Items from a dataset
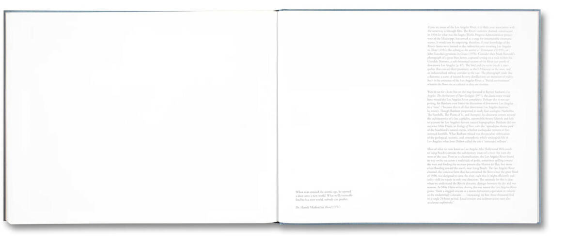 For the past decade, photographer Mark Ruwedel has been compiling an epic photographic account of the natural environment of his home city of Los Angeles. From the stark Californian coast to the vast expanses of the interior – many of which have been further lain bare by wildfires – Ruwedel tracks a unique ecology in constant, if subtle, dialogue with the human life that surrounds it: one where wildness is designed, contested, permitted, or resisted to varying degrees of success. In this first of four volumes, Ruwedel follows the Los Angeles River from Big Tujunga Wash to the Pacific Ocean. Using patient, forensic large- and medium-format photography in black and white, Ruwedel recalls the legacy of nineteenth-century photographer-cartographers such as Carleton Watkins and Timothy O’Sullivan, as well as land artists and New Topographics photographers of the 1970s, while forging his own elucidating relationship with the landscape. The series title Landscapes of Four Ecologies recalls architectural critic Reyner Baynam classic study Los Angeles: The Architecture of Four Ecologies, which describes the city as ‘one of the ecological wonders of the modern world’. The scale of this four-part project, Ruwedel’s most ambitious to date, is an artistic statement in itself: ‘When I say epic,’ he explains, ‘I am thinking of a project that is too large, which has porous boundaries, which is almost out of control.’
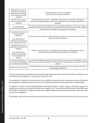 Este documento describe el procedimiento para obtener e instalar el programa DIM (Declaración Informativa Múltiple) requerido para presentar la declaración informativa múltiple de 2012 ante el Servicio de Administración Tributaria de México. Explica primero quiénes están obligados a presentar cada tipo de información, luego detalla los requisitos técnicos necesarios y finalmente los pasos a seguir para descargar e instalar correctamente el programa, capturar la información requerida y presentar la declaración.
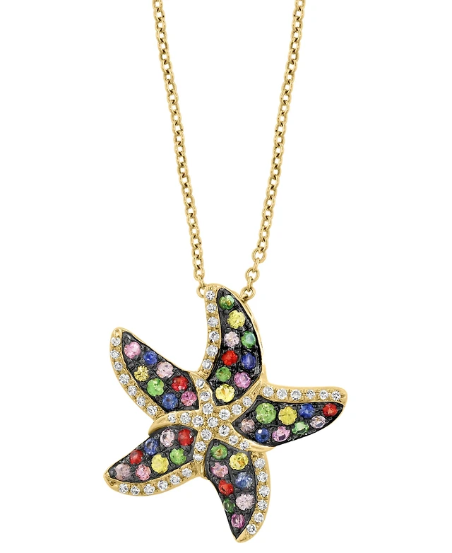 Effy Multi-Sapphire (3/4 ct. t.w.), Green Garnet (1/6 ct. t.w.) & Diamond (1/2 ct. t.w.) Cross 18" Pendant Necklace in 14k Gold
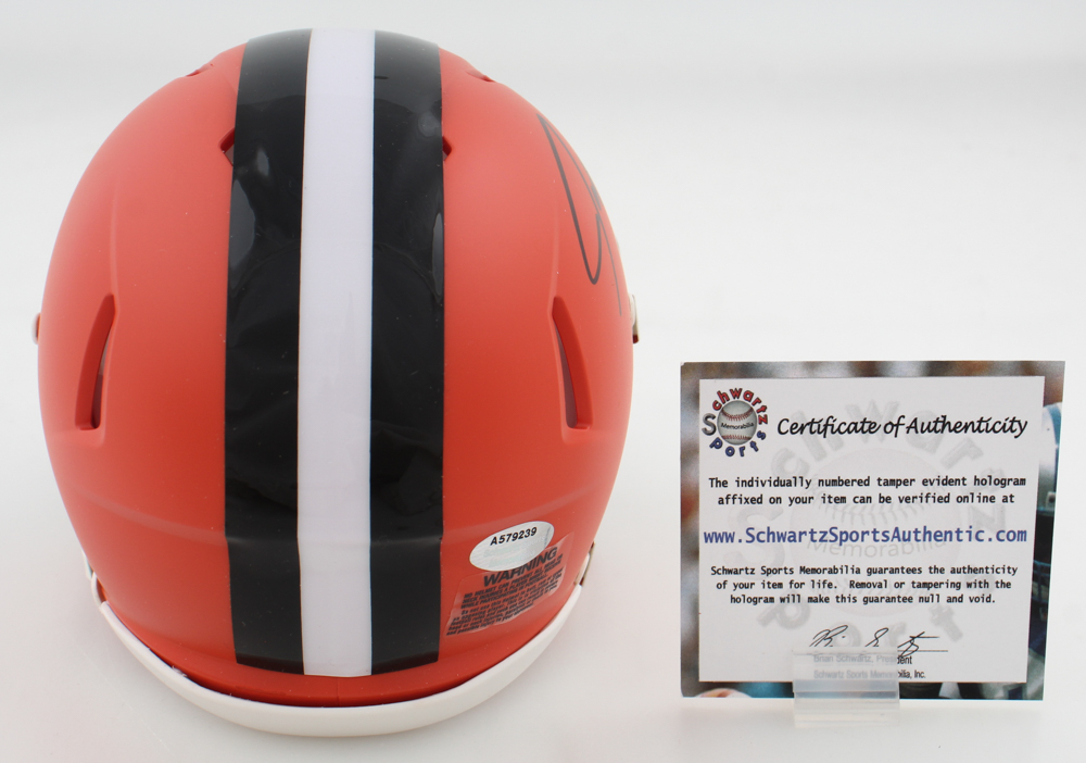 Riddell Cleveland Browns Speed mini helmet. Hand-signed by Joe Thomas (HOF).
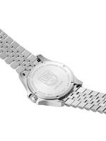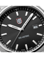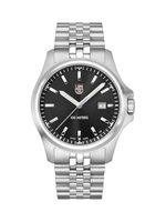 Its 43mm 316L stainless steel case is paired with a scratch-resistant sapphire crystal featuring anti-reflective coating, ensuring clarity and durability in all conditions. The black dial incorporates Luminox Light Technology, providing constant visibility day and night without external charging.
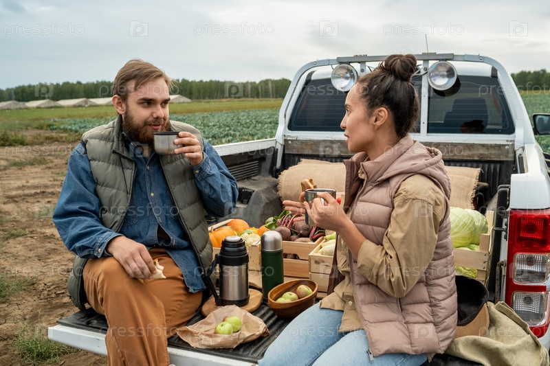 Фермеры пьют горячий чай на поле
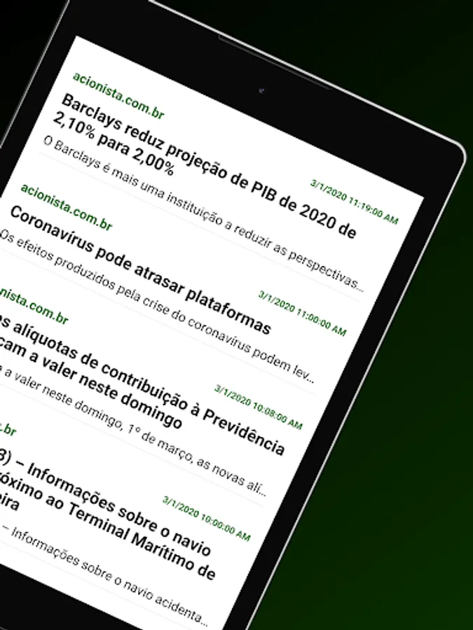 - News channel from major sources such as Infomoney, Investing, CVM, among others ...
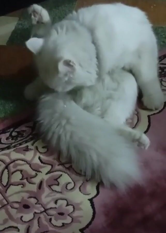 A white, fluffy cat is lying on a floral-patterned rug. The cat is curled in on itself, grooming its tail and back. The rug is patterned with maroon, white, and olive green. The background is dark.
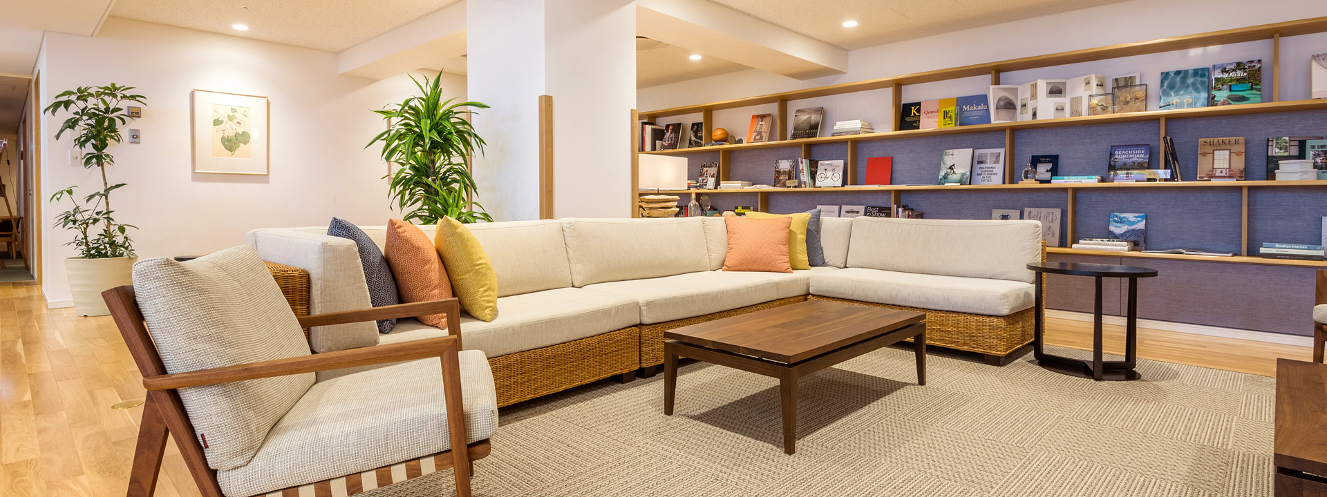 「水平線を臨むデッキ」をコンセプトに、芸術・建築・自然・インテリアなどの写真集、洋書を中心とした蔵書のフリースペースです。
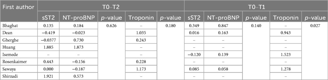 Table 3. Standard mean difference for sST2, NT-proBNP, and troponin at T0–T2 and T0–T1. P-values are expressions of differences between sST2 and NT-proBNP standard mean difference first and between sST2 and Troponin standard mean difference second.
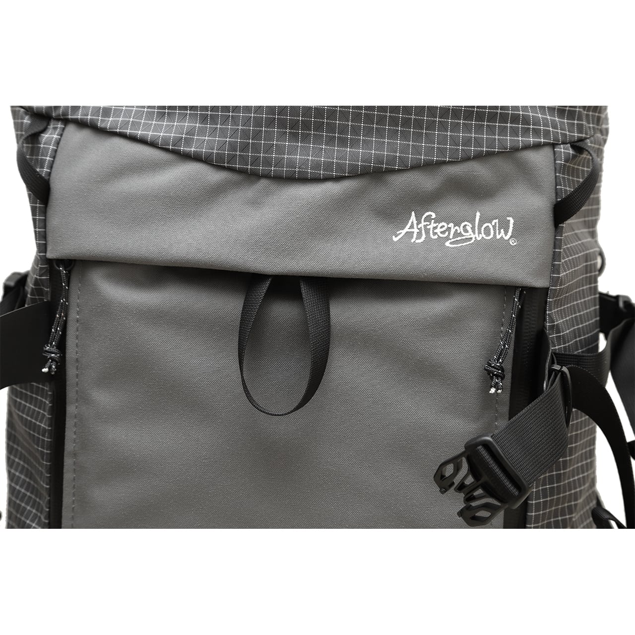 上部の大型ポケットは、良く出し入れするような行動食やウィンドシェル、クトー、クライミングスキンを詰め込めるシンプルな構造。

▶ **Your goal**
Above are the records; restate exactly the lines from the one containing "Effy Multi-Sapphire (3/4" through the one containing "Riddell Cleveland Browns", keeping pictures out.

▶ **Solution for this problem**
 Effy Multi-Sapphire (3/4 ct. t.w.), Green Garnet (1/6 ct. t.w.) & Diamond (1/2 ct. t.w.) Cross 18" Pendant Necklace in 14k Gold
 Riddell Cleveland Browns Speed mini helmet. Hand-signed by Joe Thomas (HOF).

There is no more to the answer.